The proposal extends ideas from draft BIP-361 and earlier work by Jeremy Rubin. It's not a soft fork itself — it's a way to make a future soft fork less brutal. The unresolved questions are real: multisig and complex scripts need standardization, hardware wallet support is non-trivial, and Bitcoin may simply never implement a sunset. Some in the community prefer opt-in quantum-resistant migration over forced freezes.
The Optech newsletter also flagged a parallel proposal: post-quantum HD wallets using SPHINCS as a fallback signature scheme alongside secp256k1, potentially paired with a future OP_CHECKSPHINCS opcode. Combined with BIP360 P2MR outputs, that would give wallets a phased migration path.
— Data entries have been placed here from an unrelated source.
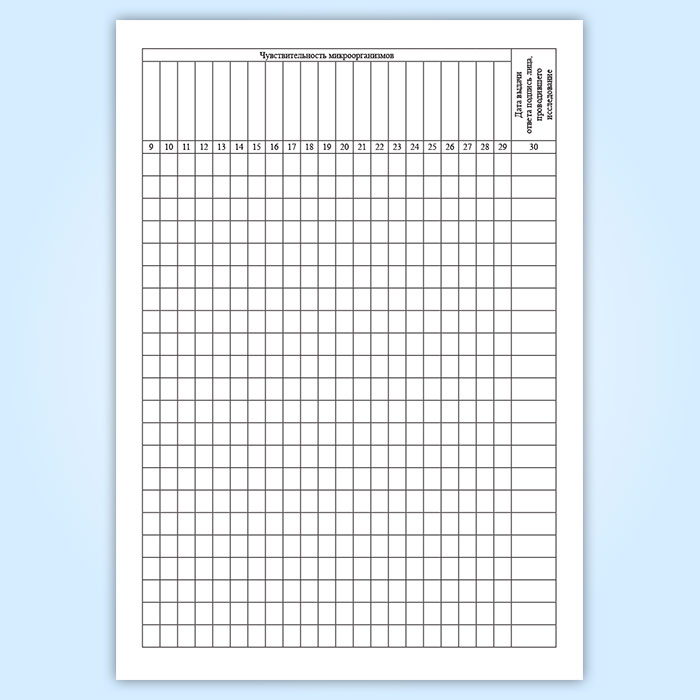 Для записи результатов микробиологического исследования и определение чувствительности выделенных культур к химио-терапевтическим препаратам используют бланк Результат микробиологического исследования и определение чувствительности выделенных культур к химио-терапевтическим препаратам (Форма 240/у).
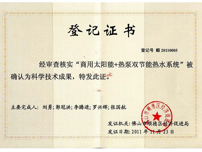 獲得“商用太陽能+熱泵雙節(jié)能熱水系統(tǒng)”科技成果獎
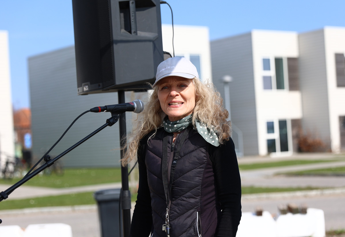 Byplanlægger Charlotte Henckel bød de fremmødte velkommen og fortalte kort om Kajstuen og hvad der ligger bag. At det er et EU-projekt som hedder “Connecting River” omkring mødesteder og fælleskaber, og dette er det trejde eksperiment. Det første var et seks ugers projekt, en sauna med tilhørerende udeområde med flytbare pantekasser og bænke. Saunaen blev placeret mellem Vordingborg Bibliotek og havnekajen og åbnede 20. dec. 2024.
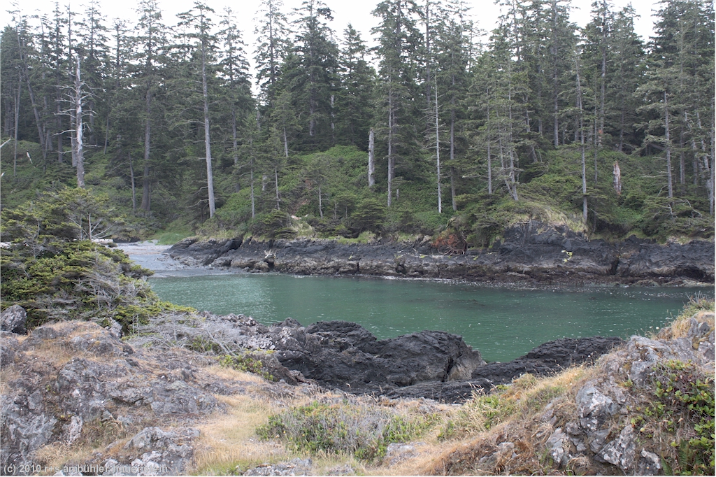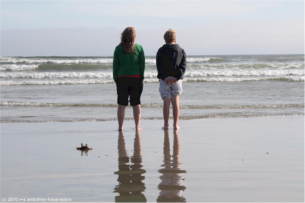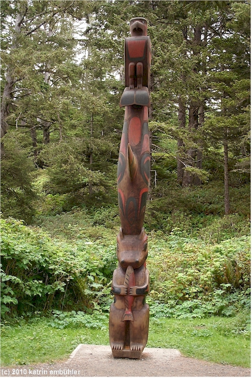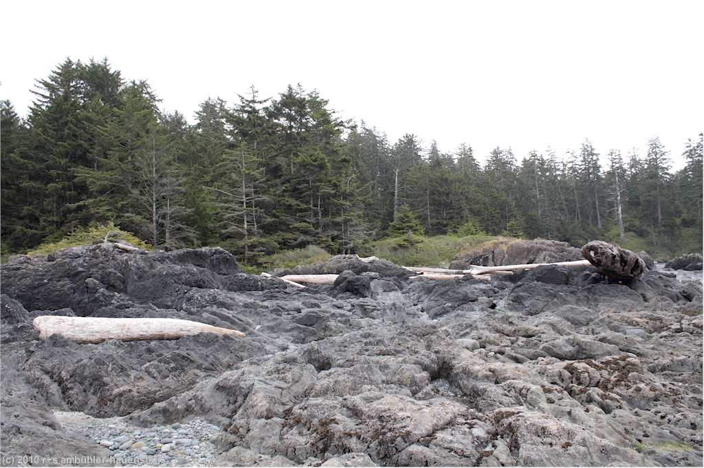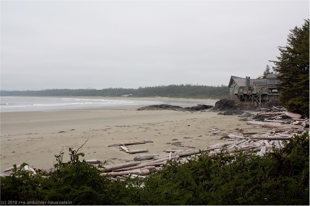 wir fahren zum südlichen ende der wickaninnish bay und spazieren etwas dem sandstrand entlang. für uns schweizer ist das meer immer wieder etwas besonderes. ich atme die salzige luft ein - so riechen ferien ! trotz der kühlen witterung tummeln sich zahlreiche surfer im wasser, allerdings mit trockenanzügen ausgerüstet, sonst wäre das kalte wasser wohl kaum auszuhalten. auch mütter und kinder versuchen sich auf ihren brettern, das wellenreiten ist hier ganz offensichtlich ein familiensport. am strand haben sich angeschwemmten baumstämmen angesammelt, so wie wir es schon oft an der pazifikküste gesehen haben. von der flut werden sie jeweils ganz bis zum felsband zwischen sandstrand und wald gespült, so dass die küste ganz ordentlich wirkt. einige wenige baumstämme wurden von besonders grossen wellen sogar bis auf die felsen hinaufgetragen, dort liegen sie nun wie überdimensionale knochen. aber auch auf dem sand gibt es allerei zu entdecken, zum beispiel krebse oder was davon übriggeblieben ist. aber auch muscheln liegen herum und die gurkenartigen algen. ganz am südlichen ende der bucht klettern wir auf die felsen und schauen in die dahinterliegende lagune. das wasser hat eine sehr schöne, blaugrüne farbe. ganz in der nähe steht ein strandhaus, in welchem es ein restaurant hat. bestimmt hat man dort eine tolle aussicht auf den pazifik. im wald führt ein pfad zurück zum parkplatz. unterwegs kommen wir an einem totem pole vorbei. die figuren wirken aber auf mich nicht besonders authentisch sondern irgendwie zu modern. kurz vor 1500 uhr sind wir wieder beim auto.
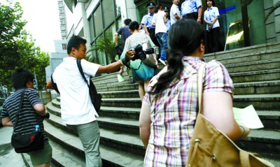 上午8點,距離開庭時間還有1小時,記者在靜安法院門口看到,多名法警已經(jīng)在門口維持秩序!捌綍r8點半上班,今天都提前來了。 ”一名工作人員告訴記者,為了這次開庭,法院做了充分準備,并購置了多臺設備。
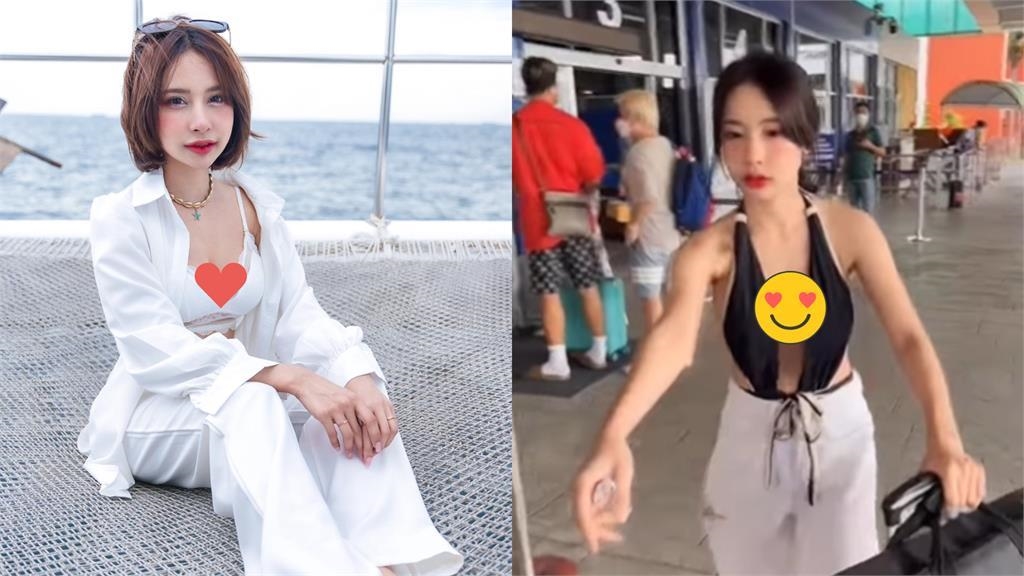 這位引發討論的正妹其實是泰國知名DJ芭比莫絲(Barbie Mozz),在IG擁有58.7萬粉絲,頁面上更是充斥著不少辣照。在這段機場短片中,更是大破尺度,芭比莫絲整個背部全裸,且當她彎腰整理行李時,側面視角讓她傲人上圍全看光,最後轉向正面向拍攝者拿東西時,領口更是開到肚臍下,讓人害羞到無法直視。
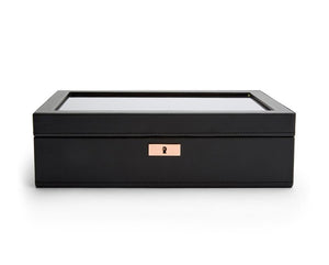 Mantenga sus relojes seguros y con estilo con esta caja para relojes Axis de 10 piezas. Fabricada con cuero vegano, esta caja para relojes puede exhibir maravillosamente hasta 10 relojes. Con cerradura y llave de seguridad, cojines suspendidos para relojes y un puerto USB para reloj inteligente.
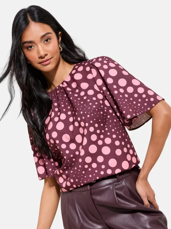 Blouse type: Blouseshirt; Design: Om te knopen/binden; Type sluiting: Snoersluiting; Motief: Gestippeld; Kraag: Zonder kraag; Details: Cut-outs, Gedrapeerd; Extra's: All-over patroon; Pasvorm: Normale pasvorm; Armlengte: Halve mouw; Lengte: Normale lengte
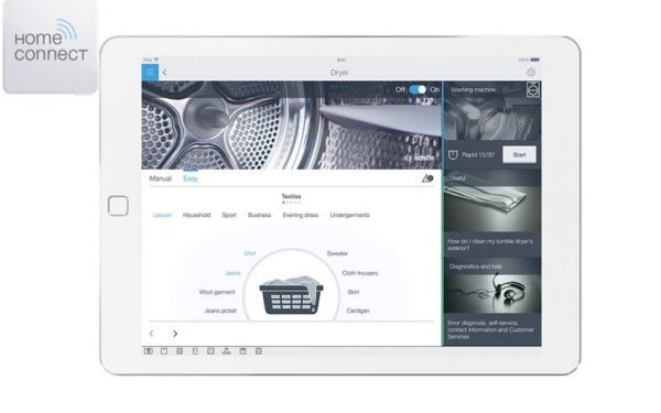 - Kết nôi máy giặt với smartphone của bạn. Lựa chọn chương trình giặt hiện giờ thật dễ dàng nhờ home connect. Bạn chỉ cần điền màu sắc, chất liệu và độ bẩn của quần áo, mọi công việc còn lại hay để máy tự thực hiện
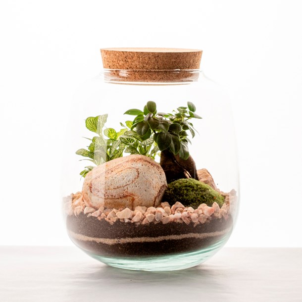 - Le terrarium Moly se compose d'un élégant bocal en verre fermé par un bouchon en liège.
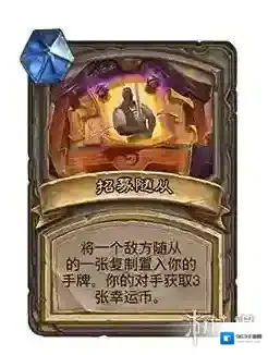 新:将一个敌方随从的一张复制置入你的手牌。你的对手获取3张幸运币。
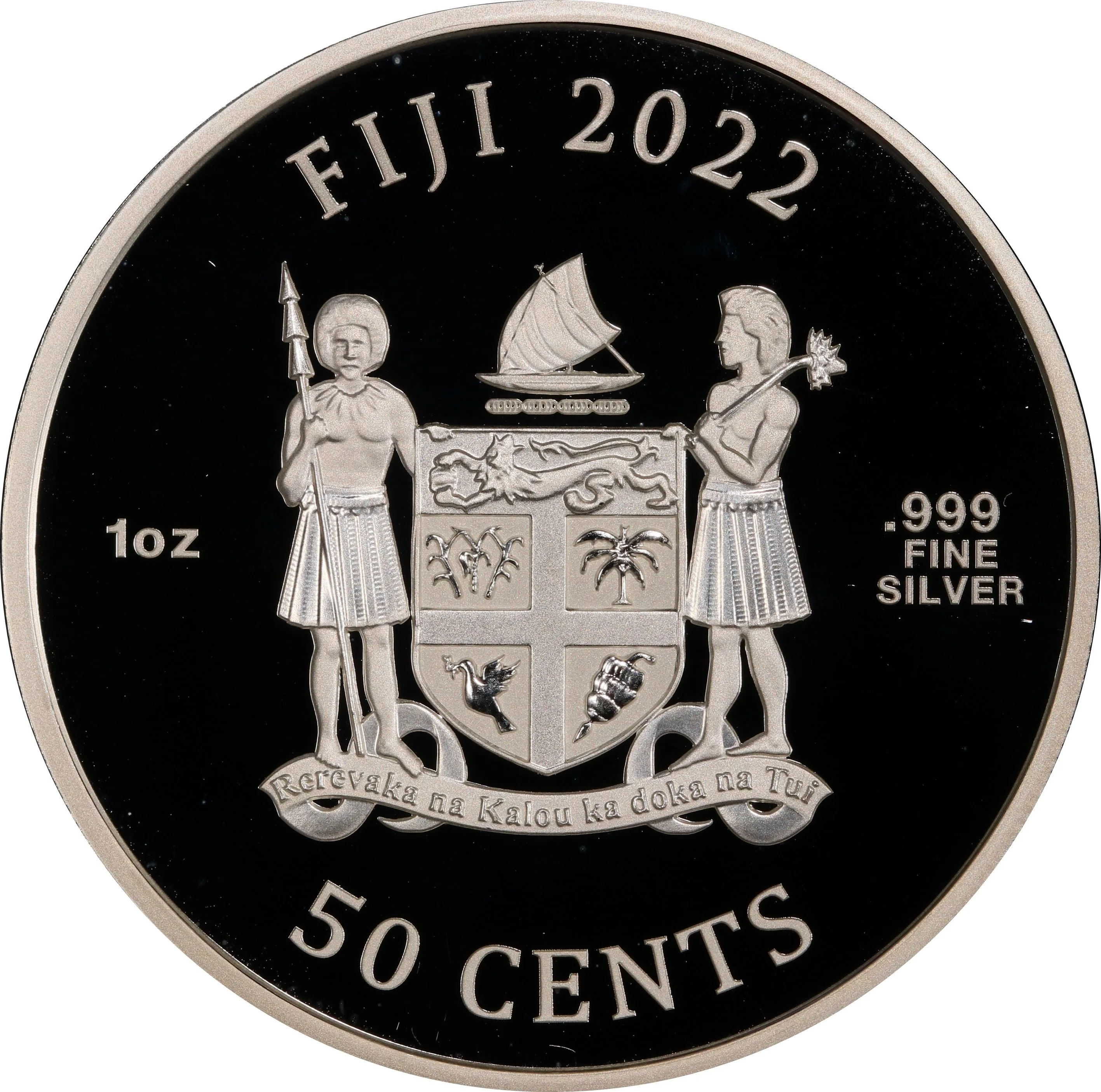 Fiji's coat of arms features a quartered shield displaying sugar cane, a coconut palm, a dove with an olive branch, and bananas. A lion holding a cocoa pod tops the shield, which is crowned by an outrigger canoe and supported by two Fijian figures.
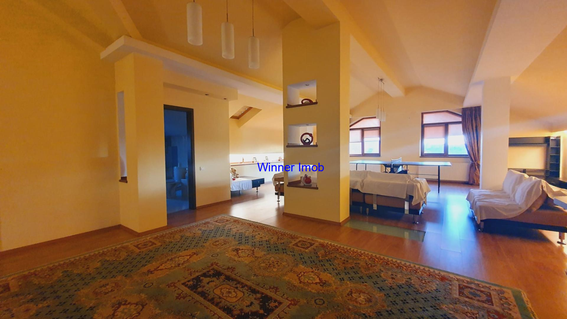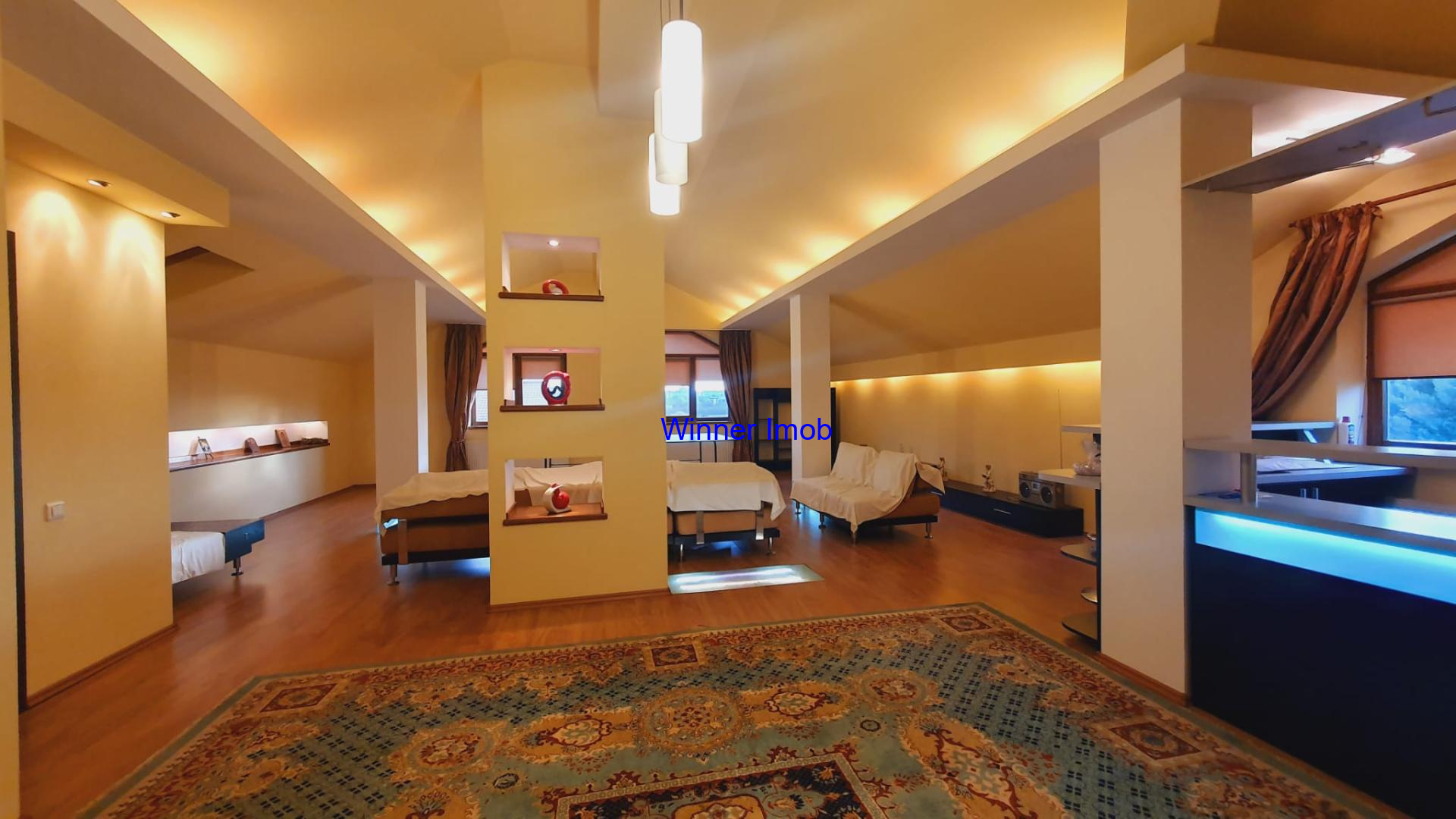 Mansarda: open space pentru relaxare si distractii, chicineta, 2 camere si baie
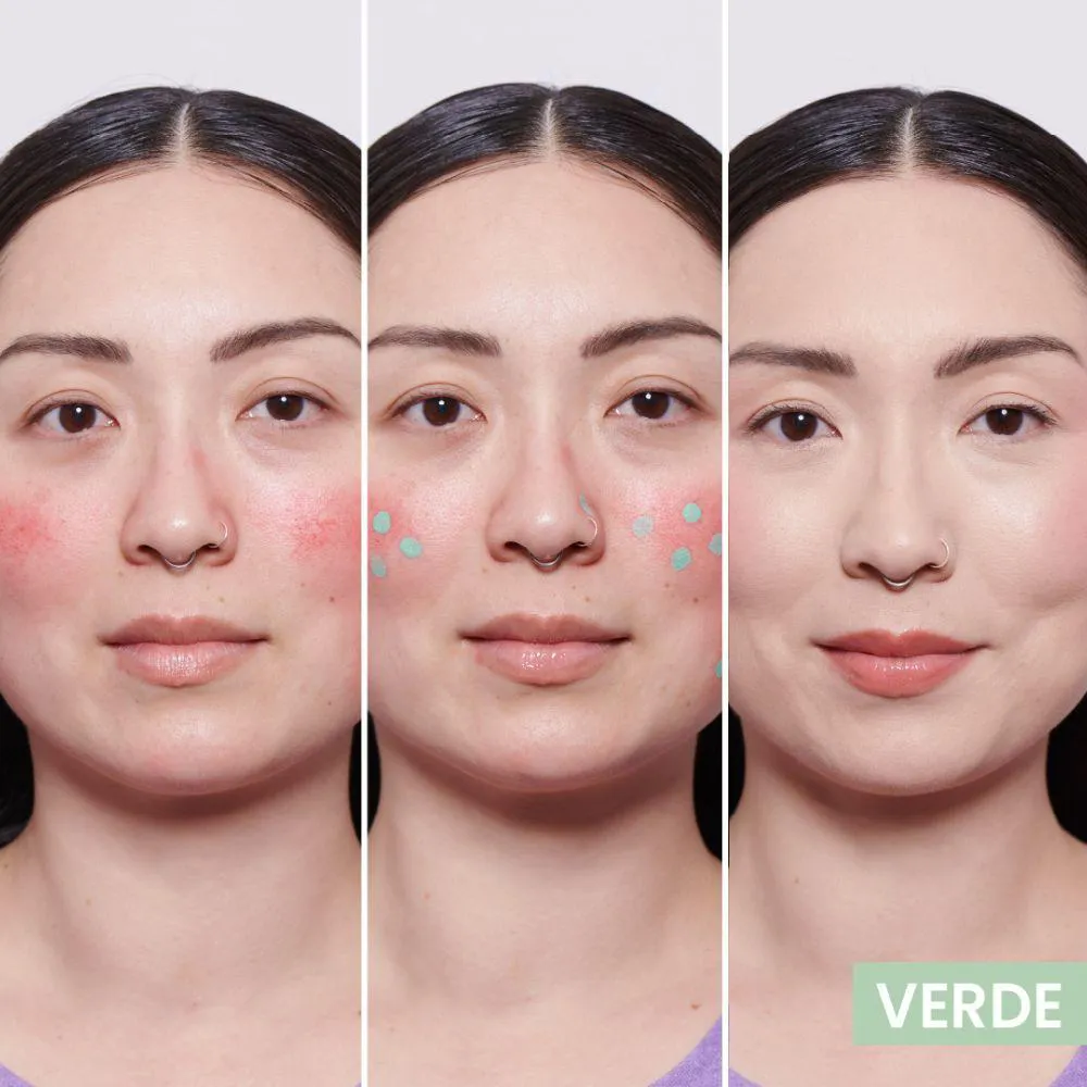 A cor Verde foi formulada especialmente para neutralizar tons avermelhados, como manchas de espinhas e rosácea, proporcionando um acabamento matte impecável.
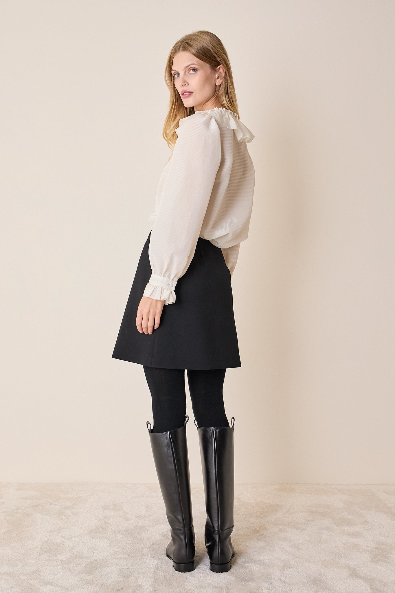 Questa camicia in pura seta è caratterizzata da tanti dettagli romantici: il colletto e i polsini volant, le maniche a sbuffo, i bottoncini ricoperti e il motivo a righe tono su tono del tessuto.

None of this is urgent today. Quantum computers capable of breaking secp256k1 don't exist. But the lead time for soft forks in Bitcoin is measured in years, and the lead time for moving consensus on something this consequential is even longer. Starting the conversation now is the responsible move — and watching whether Satoshi-era coins ever generate a PACT would be one of the more interesting onchain signals of the next decade.
Two factories shipping humanoid robots, a stablecoin sector worth $321 billion, and a serious proposal for how to handle quantum threats to dormant Bitcoin. The infrastructure layer of the next decade is being poured right now, in public, while everyone watches the price chart.